Ночью она проснулась от резкого удушающего запаха лилий. Запах этот долго преследовал ее после похорон отца – кто-то из родственников принес целую охапку, и похоронный автобус буквально пропитался этим противным ароматом. С той поры лилии Екатерина терпеть не могла.
Девушка с удивлением обнаружила букет в вазе на столе. Откуда он? Кто принес? Она четко помнила, что Дима с Таней цветов ей не дарили. Запах раздражал ее, не давая уснуть. Она вскочила с кровати, схватила цветы, выскочила на балкон и швырнула букет за перила… В ночной тишине ей вдруг послышался громкий женский стон. Катерина перегнулась через ограждение, но под окнами никого не оказалось.
Под утро ей приснился странный цветной сон. Под «Реквием» Моцарта вокруг нее кружились дамы в пышных кринолинах и мужчины в напудренных париках и длинных сюртуках. Внезапно одна из танцующих приблизилась к ней. Катя узнала в ней обнаженную незнакомку, упорхнувшую с ее балкона. Дама протянула ей руку, на одном из пальцев которой сверкало знакомое кольцо с огромным потемневшим рубином… «Видишь, это кольцо мое! Верни его мне! Верни!»…

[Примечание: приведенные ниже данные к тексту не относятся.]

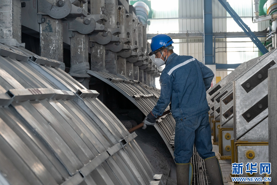 云南宏泰新型材料有限公司电解铝车间里,工人正在进行电解槽维护(6月20日摄)。新华网发(刘起 摄)
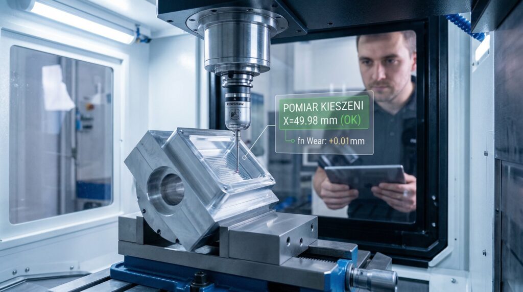 - Automatyzacja (In-Process Inspection): Sonda nie tylko bazuje detal. Może sprawdzić, czy wyfrezowana kieszeń trzyma wymiar, zanim wyciągniesz detal z imadła.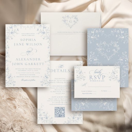 Complete your wedding invitation suite with this Classic French chinoiserie wedding details card. Featuring delicate blue botanical florals, elegant serif typography, and a refined Victorian-inspired layout, this enclosure card provides guests with beautifully organized reception and RSVP information.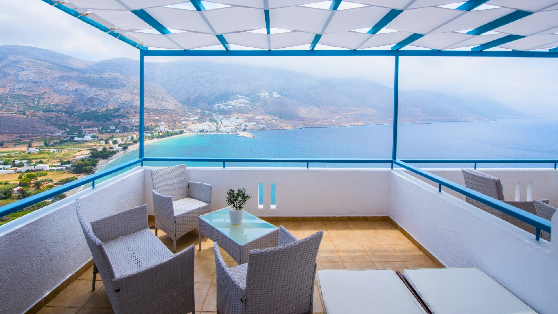 Relax in quiet elegance and enjoy the stunning Aegean view from the comfort of your private balcony.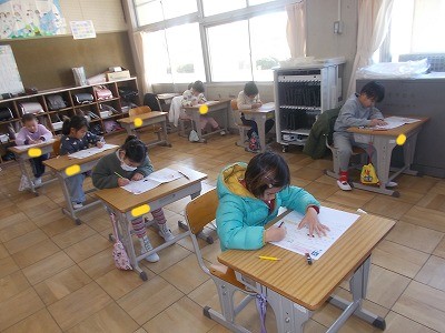 1年生は国語「いいこといっぱい 1年生」のテストでした。1時間目から集中して取り組めていますね。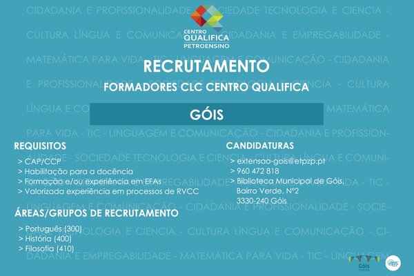 Recrutamento A Extensão de Góis da Escola Tecnológica e Profissional da Zona do Pinhal está a recrutar:Formadores CLC ...2022 Informação ao Munícipe -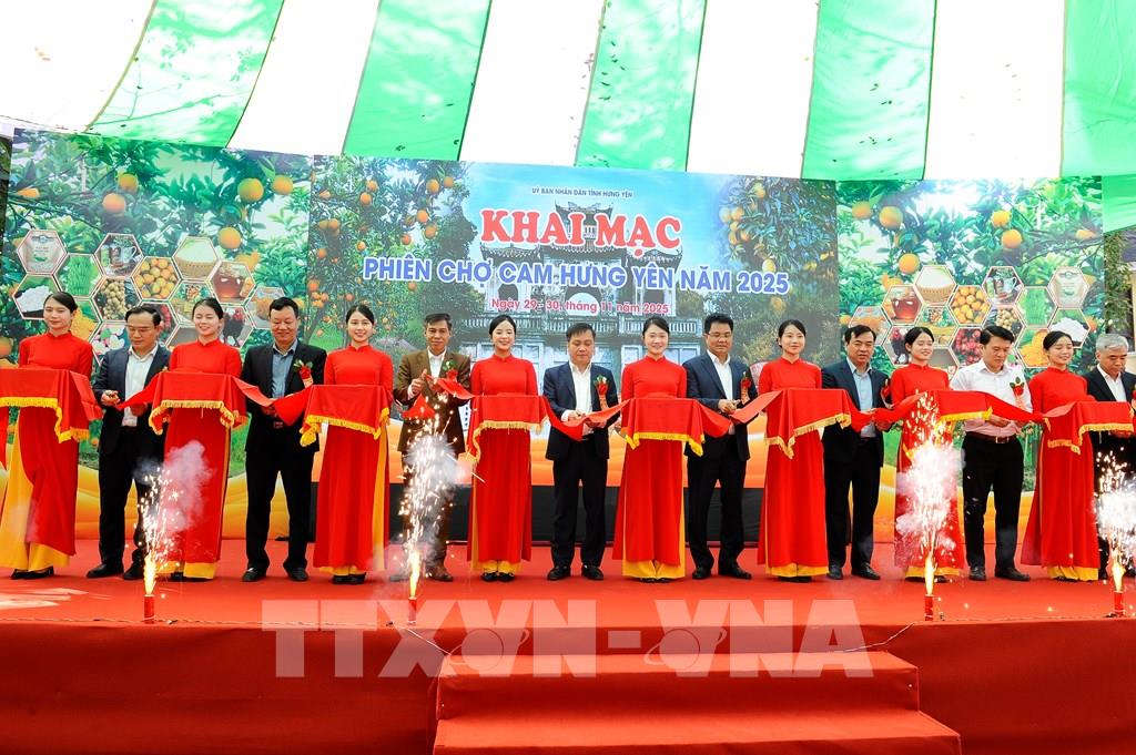 Các đại biểu thực hiện nghi thức cắt băng khai trương phiên chợ cam năm Hưng Yên năm 2025. Ảnh Mạnh Khánh-TTXVN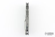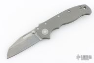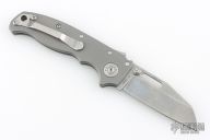 The AD20.5 by Demko Knives features the impressive Shark Lock and an even more impressive price point. The Shark Lock mechanism is situated on the spine of the knife and operated with a ramp-like ‘fin’, allowing you to flip the blade open and closed at will. It's probably the best thing about this knife and design, how quickly it can be deployed and ready for action. It acts as a blade launcher and a little wrist action is all it needs. This one has a stonewashed blade and bead blasted titanium handle. Has scuffs and scratches, great overall condition.

И тут же, как это бывает только во сне, Екатерина увидела эту же женщину, бледную, как смерть, лежащую в гробу. Внезапно дама открыла бесцветные огромные глаза и прошептала бескровными губами: «Верни мне мое кольцо! Сейчас же верни! Отдай!»
Катя проснулась в холодном поту и поняла, что она сама только что вопила во все горло. «Наверное, соседей разбудила», – мелькнуло у нее.
Рано утром она позвонила в аэропорт и заказала билет на ближайший рейс в Москву. «Пусть отпуск к черту, лишь бы избавиться от этого наваждения!»
Лететь надо было через Мадрид, но это ее не волновало. «Лишь бы избавиться от этого кошмара», – твердила она мысленно, словно заклинание.
Когда самолет пошел на посадку в мадридском аэропорту, Катерина незаметно достала из сумочки кольцо с рубином и губную помаду. Собравшись было накрасить губы, она неловко открыла тюбик и тут же уронила его. Вымученно улыбнувшись сидевшей через одно кресло от нее дородной матроне, девушка нагнулась, якобы в поисках помады, и положила кольцо под кресло, у самой ножки сиденья, где ковровое покрытие образовало небольшую складку…
Глава седьмая
Его вели на расстрел. Чтобы пустить в расход, как теперь было принято говорить. Станислав шагал медленно, на подкашивающихся, внезапно ставших какими-то ватными ногах и думал о том, что вот так глупо, по-идиотски обрывается его суматошная недолгая жизнь, так, в сущности, и не начавшись… Что он пережил, что видел? Да, если честно, еще почти ничего.
Безмятежное счастливое детство, яркие солнечные дни на даче в Стрельне. Огромная, занимающая целый этаж квартира в доме на Фонтанке. Катание зимой с ледяных гор на финских санках в лютый мороз. Учеба в гимназии. Была еще полудетская любовь с Наташей на даче, там же, в Стрельне. И все, а потом он имел дело только с какими-то сомнительными шлюхами… Все обычно бывало так пошло, и гадко, и бессмысленно. Были еще, правда, кадетский корпус, первый офицерский чин, и эта бесконечная гражданская война, на которую он попал совсем юнцом.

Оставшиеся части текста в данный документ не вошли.